The new data and results need to be reviewed, assessed, and discussed—often by large research teams distributed around the globe. To make matters worse, computed results are not always easy to access. Files can be spread across many folders and systems with limited or no access. And the more people you have who want to work with the data, the bigger the headache.
That’s why the San Diego Supercomputer Center (SDSC) at UC San Diego developed a cloud service and software to help researchers share, access, and discover data. SeedMeLab helps research groups retain knowledge by consolidating information and making it more consumable.
“We found there was a gap in the infrastructure available to scientists,” says Amit Chourasia, principal investigator for SeedMeLab. “SeedMeLab fills that gap by making data easy to discover, display, and discuss.”
“There is more to data than just files and folders,” says Chourasia. “Accessing a file and folder is not sufficient. It is just the first step.”
According to Chourasia, making the most of data involves 5 Ds: description, discussion, display, discovery, and dissemination.
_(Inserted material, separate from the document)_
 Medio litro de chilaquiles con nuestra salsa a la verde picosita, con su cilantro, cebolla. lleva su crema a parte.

Description and discussion are two of the most important.
Description includes metadata for a file or folder, but may also encompass a researcher’s thoughts about the file. By adding descriptions directly to the file storage system, that additional knowledge becomes searchable. Consolidating the information in one location makes it more consumable by the rest of the research team and accelerates productivity.
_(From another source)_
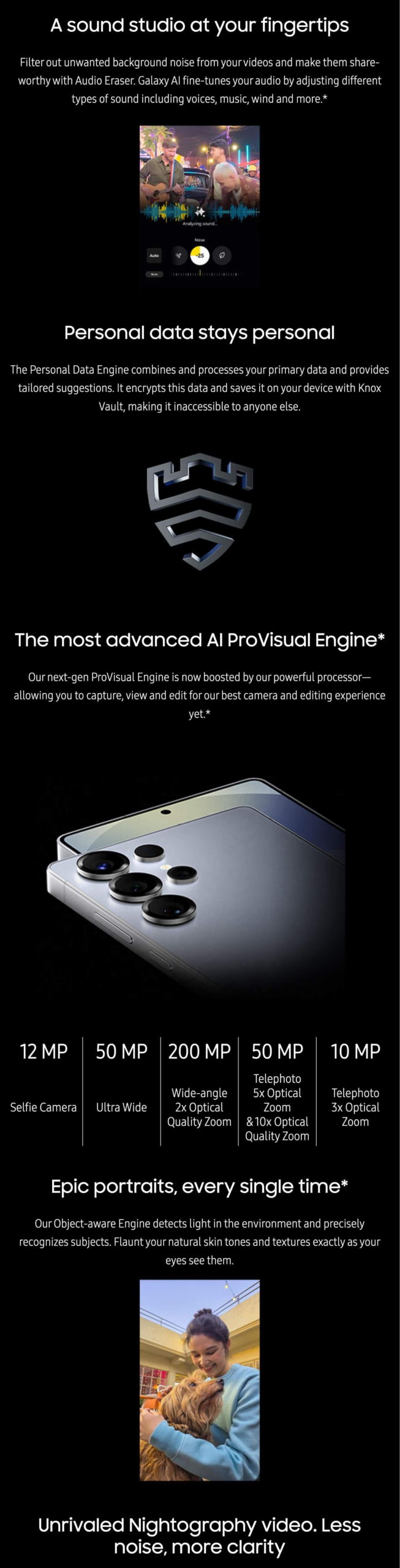 Display: 6.9″ (Quad HD+) Dynamic AMOLED 2X, 1440×3120 pixels Processor: Snapdragon 8 Elite Memory: 512GB/12GB RAM Camera: 200MP (f/1.7) + 50MP (f/3.4) + 50MP (f/1.9) + 10MP(f/2.4) Secondary: 12MP (f/2.2) OS: Android 15 Battery: Non Removable, Li-Po 5,000 mAh Sensors: Fingerprint (under display, optical), accelerometer, gyro, compass, Samsung DeX Delivery Within 24 Hours

Chourasia says that discussion of files usually takes place over email, between the person who created the data and the PI or other stakeholders. But the person who creates the data is often a postdoc or student who leaves the research group after a few years. The files may remain behind, but the context is lost when the creator moves on. Preserving discussion alongside the data helps research groups retain knowledge and onboard new members smoothly.
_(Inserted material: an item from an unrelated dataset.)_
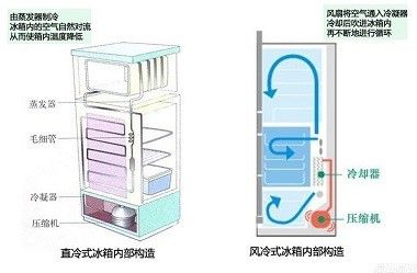 无霜冰箱:无霜冰箱有两种结构,一是指风冷式结构,有自动除霜装置,使用方便,冷藏室降温速度快,箱内温度均匀,食品冷藏质量好, 但冷冻室冻却速度比直冷冰箱慢,耗电量大,价位较高。比较适合空气湿度较大的沿海、长江沿岸及以南地区使用。二是指风直冷混合式冰箱,综合了风冷和直冷冰箱的优点,冷藏室为直冷式,食物水分不易流失,冷冻室为风冷式,耗电相对普通风冷式较低,价格相对更贵。

To do all of these things, SeedMeLab combines a content management system with file sharing capability. In this case, the creators chose the open-source Drupal framework because they wanted to build on a proven, scalable, and sustainable foundation.
“The great thing is that description and discussion capabilities are already part of content management systems, so we could focus on inventing the file system piece of it,” says Chourasia. “We turn the tables and make data the star. In blogging, one writes the story and then links it to the data. In our case, we do the opposite by presenting data first and then describing it, which is more natural for researchers.”
And because SeedMeLab is a set of distributable building blocks, each organization or service provider can decide how to compose, customize, and use them.
“Research groups can stand up their own instances,” says Chourasia. “They can brand it as their own, and they decide who gets access to it. There is a deep level of control, not limited to read and write, but also over who can do what on the site.”
The Laser Plasma Lab at UC San Diego has been using SeedMeLab since 2017. Since then, the group has grown from a handful of researchers to over a dozen. The lab now shares data with collaborators in Europe and Japan and has produced dozens of papers. Almost all of their work has used SeedMeLab in some fashion, accelerating their productivity.
CIPRES, a public resource for the reconstruction of large phylogenetic trees has also turned to SeedMeLab for help. The CIPRES gateways offers access to XSEDE’s high-performance computing resources through a browser interface, but doesn’t have file-sharing capability. They used SeedMeLab’s building blocks to develop CIPRES Share, a place where all CIPRES users can transfer and share results and even make them public.
This connection to science gateways led SeedMeLab to become an affiliate member of the Science Gateways Community Institute (SGCI). They turned to SGCI’s services to improve their product through usability, sustainability, and marketing-oriented engagements.
“We consulted with SGCI to help us identify ways to proliferate and promote SeedMeLab and make it sustainable,” says Chourasia. “We are hoping to achieve sustainability in a multifaceted way that includes distributing open-source software that leverages the vibrant Drupal ecosystem, offering a fully managed SeedMeLab subscription service for research teams, and developing project-specific customizations and porting key capabilities back to our core.”
After receiving several years of feedback, SeedMeLab developers feel they now have a much better understanding of the needs of the research community. Their next priority is to transform SeedMeLab into a customizable data repository system that enables publishing. They also want to improve integration with science gateways and create more tools for that.
“As a cyberinfrastructure provider, we have a very good understanding of where the friction points are,” says Chourasia. “I think this is an important contribution to our community. To provide data accessibility and discovery in a meaningful, expressive, and consumable way—that’s a huge gap where we can contribute to enable tangible scientific and societal impacts.”